Comment ce pays pourrait se sortir de ce bras de fer déterminé des populations qui réclament le départ de Maduro, qui ne peut pas s’accrocher indéfiniment au pouvoir dans ce blocage ? Toute autre option que pacifique risque d’entrainer le pays dans une sorte de guerre civile. Mais après, comment le Venezuela pourrait-il se relever de ce chaos et en combien de temps ? Pourtant, ce pays avait tout pour sortir de l’ornière dans les années 60-2000, s’il les dirigeants avaient eu du nez pour utiliser le pétrole pour diversifier l’économie nationale. Le rêve s’est définitivement envolé, puisque le pétrole n’est plus une matière de référence.

A regarder ce qui se passe en Turquie, la purge pour une confiscation politique qu’elle est en train d’effectuer est un facteur de blocage économique. D’abord, comment remplacer les milliers de fonctionnaires, les militaires, opérateurs économiques dans toutes les structures touchées par la purge ? Quelle est exactement la situation économique de la Turquie actuellement par rapport à la situation avant le putsch manqué ? Même si la Turquie tient l’Europe par le bout du nez sur un certain nombre de problèmes avec la bénédiction de Vladimir Poutine et de Donald Trump, l’avenir n’est pas certain pour elle.

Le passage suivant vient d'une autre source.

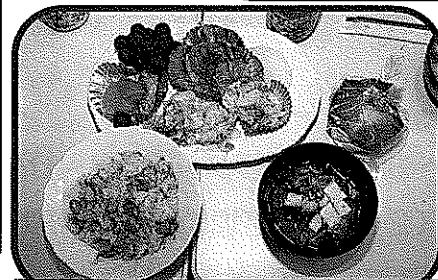
今月の昼食：きのこご飯、みそ汁、鮭の甘酢あん、 かぼちゃサラダ、煮物、白菜のゴマ和え、デザート
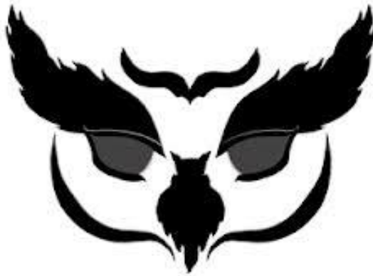
Imagen moderna inspirada en el búho utilizada en la Facultad de Filosofía y Letras

Les deux mastodontes du monde ne le soutiendront pas éternellement et inconditionnellement. Dès que les Occidentaux trouveront une solution de se débarrasser de ses caprices, dès qu’ils se remettront de leur querelle, la Turquie va s’en cuire de leur volte-face par des sanctions économiques qui la mettront à genoux. Pour le moment, elle peut tout en faire à sa tête, mais pas pour longtemps. Angela Merkel veut déjà renouer avec Vladimir Poutine, à peine la rentrée de François Hollande dans les oubliettes. Cela doit dire quelque chose à Erdogan. 

Les pays émergents ou qui sont en passe de le devenir sont plus fragiles que les pays qui se cherchent, qui ont peu d’exigences avec leurs économies rudimentaires. Le manque à gagner des 3 jours d’émeutes à Boké, en Guinée, ne peuvent  se comparer à aucun des pays cités, s’il leur arrivait d’avoir les mêmes émeutes chez eux, l’ampleur des économies n’étant pas identiquement les mêmes contraintes et exigences.

Aucune émergence ne peut tenir la route si les revendications sociopolitiques la perturbent et aucune chape de plomb ne pourrait plus contenir les opprimés aussi longtemps que dans le passé. La Syrie est un autre exemple.

Tous les yeux sont tournés vers l’Afrique du sud. Si elle passe dans l’impasse, tout le monde la suivra.